• **Dataset extract**:
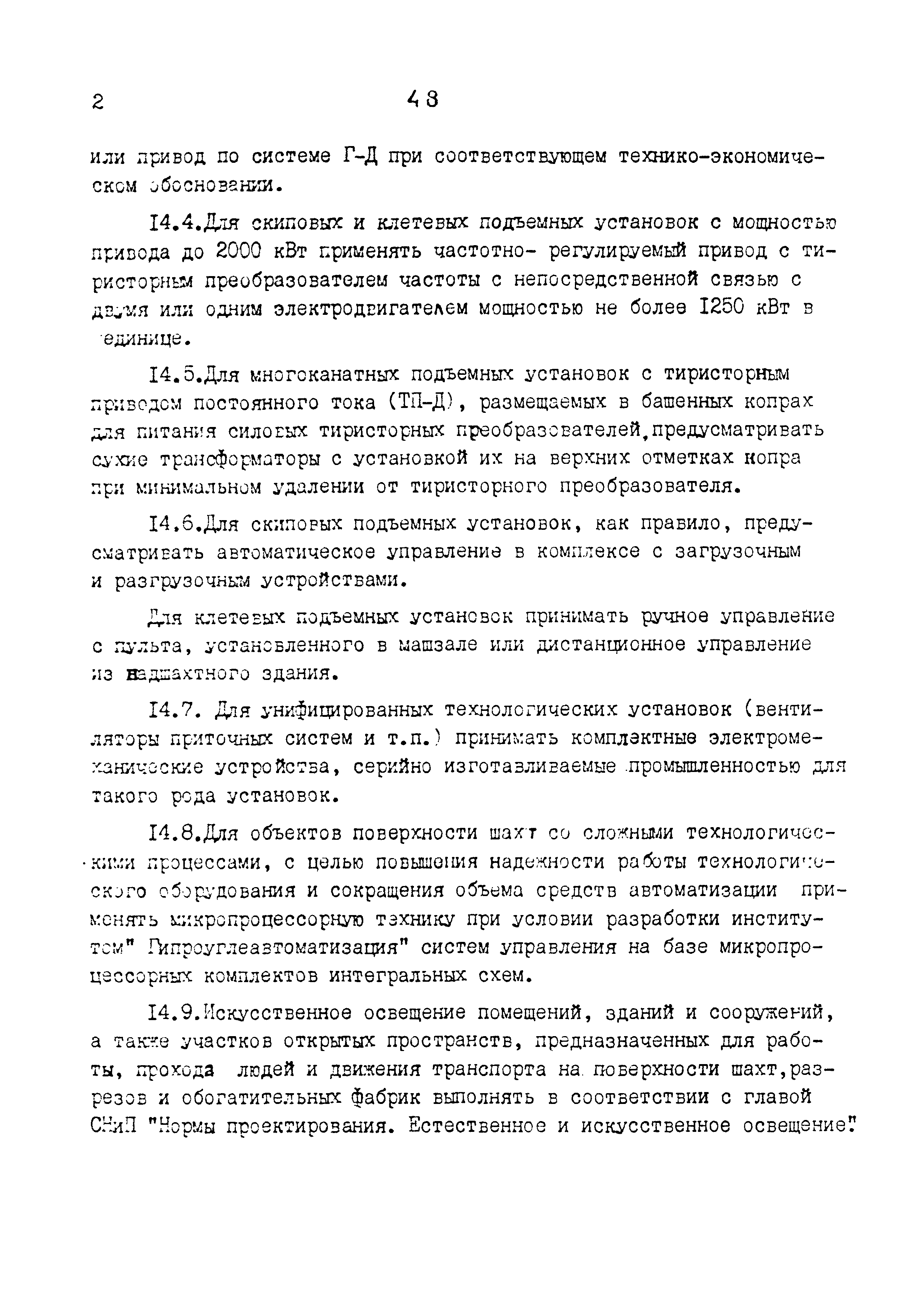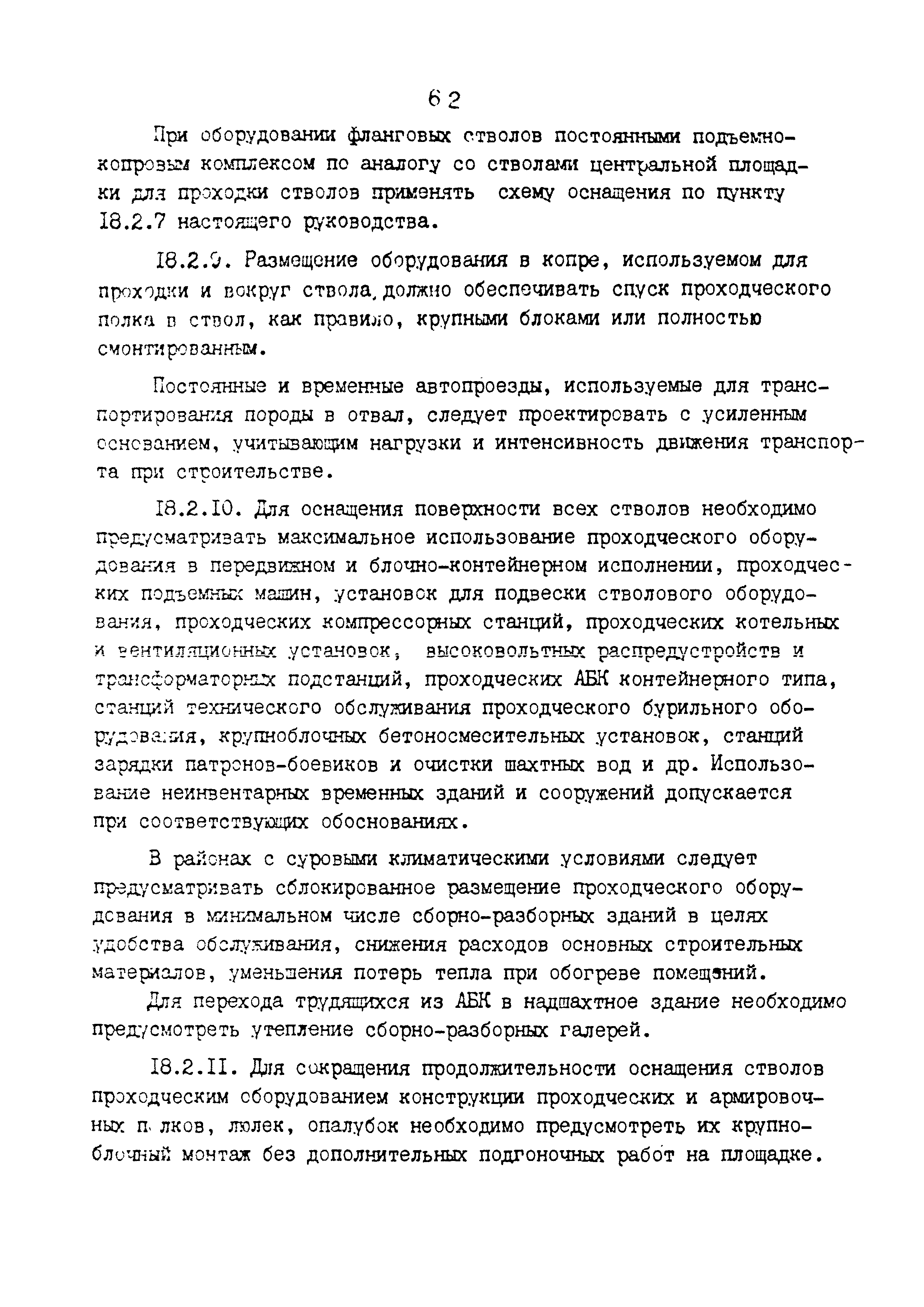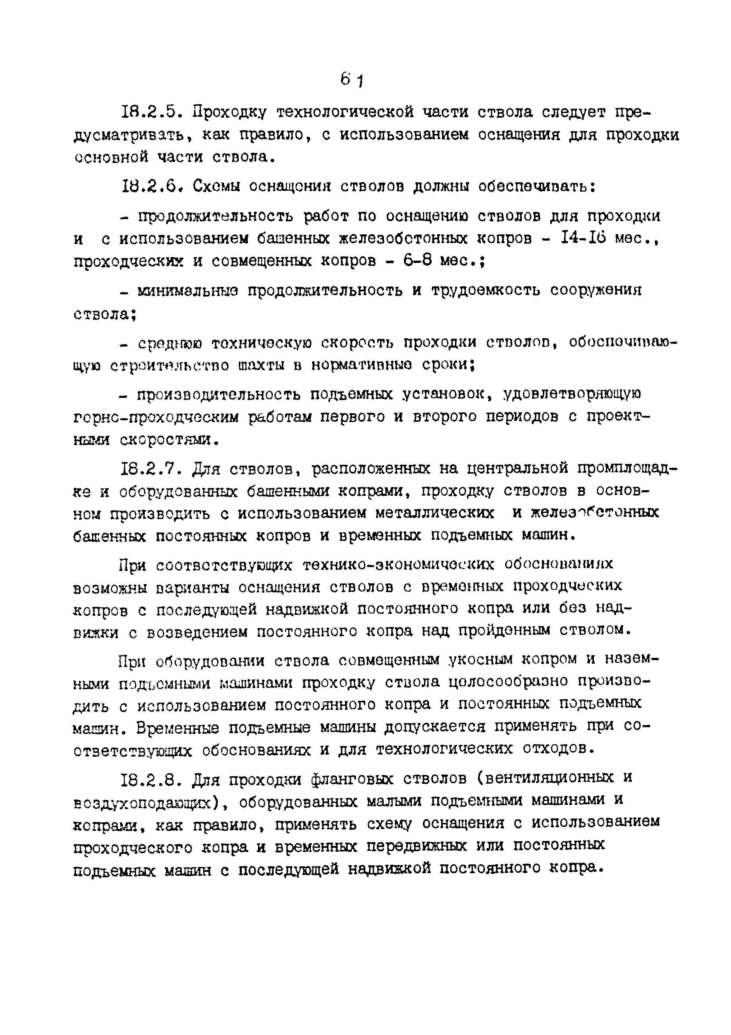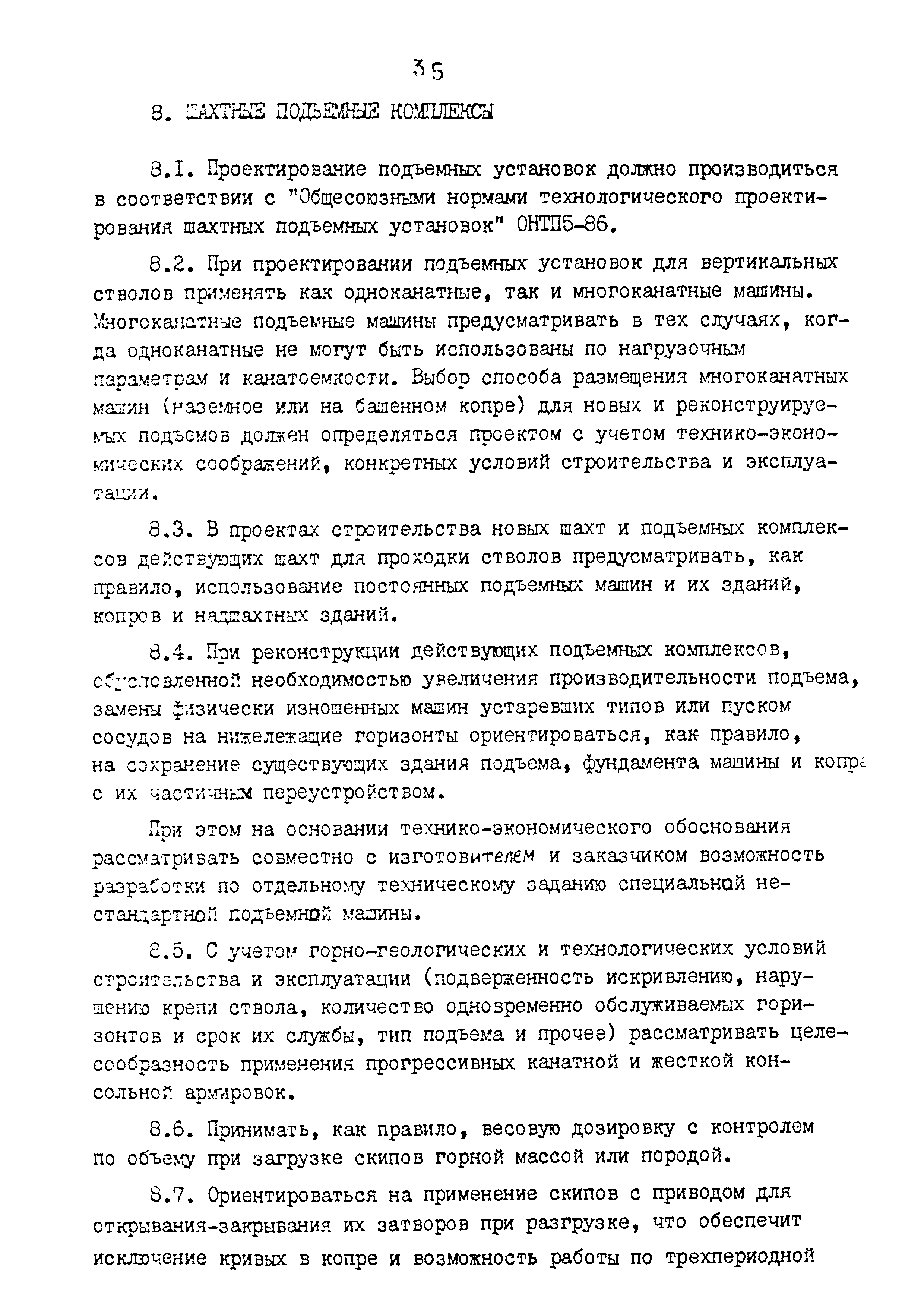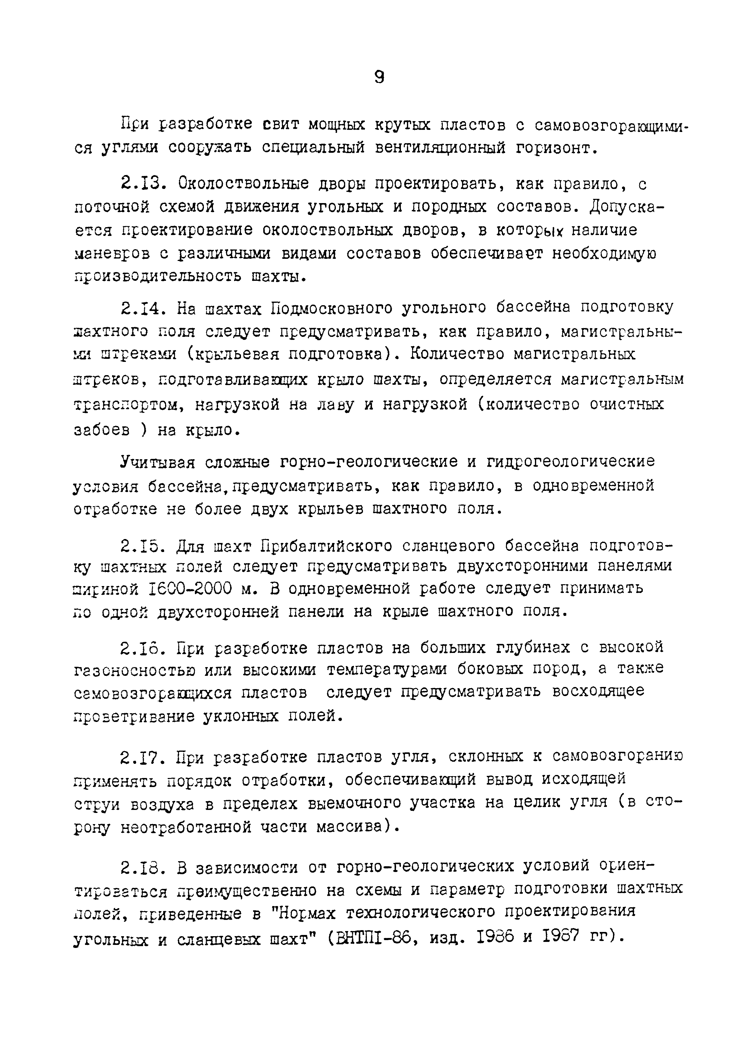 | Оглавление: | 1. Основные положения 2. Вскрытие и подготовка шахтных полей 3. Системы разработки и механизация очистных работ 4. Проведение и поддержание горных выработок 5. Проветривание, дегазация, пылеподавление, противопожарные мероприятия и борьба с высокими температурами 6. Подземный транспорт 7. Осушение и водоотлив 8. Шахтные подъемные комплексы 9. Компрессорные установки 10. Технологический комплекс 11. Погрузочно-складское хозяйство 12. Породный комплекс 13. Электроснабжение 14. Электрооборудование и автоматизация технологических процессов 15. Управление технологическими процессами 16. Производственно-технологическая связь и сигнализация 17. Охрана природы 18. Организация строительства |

--

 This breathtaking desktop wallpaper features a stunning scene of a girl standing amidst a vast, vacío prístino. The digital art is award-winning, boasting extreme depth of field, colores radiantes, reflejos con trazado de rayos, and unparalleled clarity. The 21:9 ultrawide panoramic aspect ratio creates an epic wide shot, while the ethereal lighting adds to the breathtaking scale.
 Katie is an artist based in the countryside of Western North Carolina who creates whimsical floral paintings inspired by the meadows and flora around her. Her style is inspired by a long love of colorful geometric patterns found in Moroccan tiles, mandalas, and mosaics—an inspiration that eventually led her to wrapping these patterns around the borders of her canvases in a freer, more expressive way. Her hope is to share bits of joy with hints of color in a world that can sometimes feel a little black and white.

• **Exercise objective**:
Search term "creates": return each line of the data that contains it.

• **Response below**:
 This breathtaking desktop wallpaper features a stunning scene of a girl standing amidst a vast, vacío prístino. The digital art is award-winning, boasting extreme depth of field, colores radiantes, reflejos con trazado de rayos, and unparalleled clarity. The 21:9 ultrawide panoramic aspect ratio creates an epic wide shot, while the ethereal lighting adds to the breathtaking scale.
 Katie is an artist based in the countryside of Western North Carolina who creates whimsical floral paintings inspired by the meadows and flora around her. Her style is inspired by a long love of colorful geometric patterns found in Moroccan tiles, mandalas, and mosaics—an inspiration that eventually led her to wrapping these patterns around the borders of her canvases in a freer, more expressive way. Her hope is to share bits of joy with hints of color in a world that can sometimes feel a little black and white.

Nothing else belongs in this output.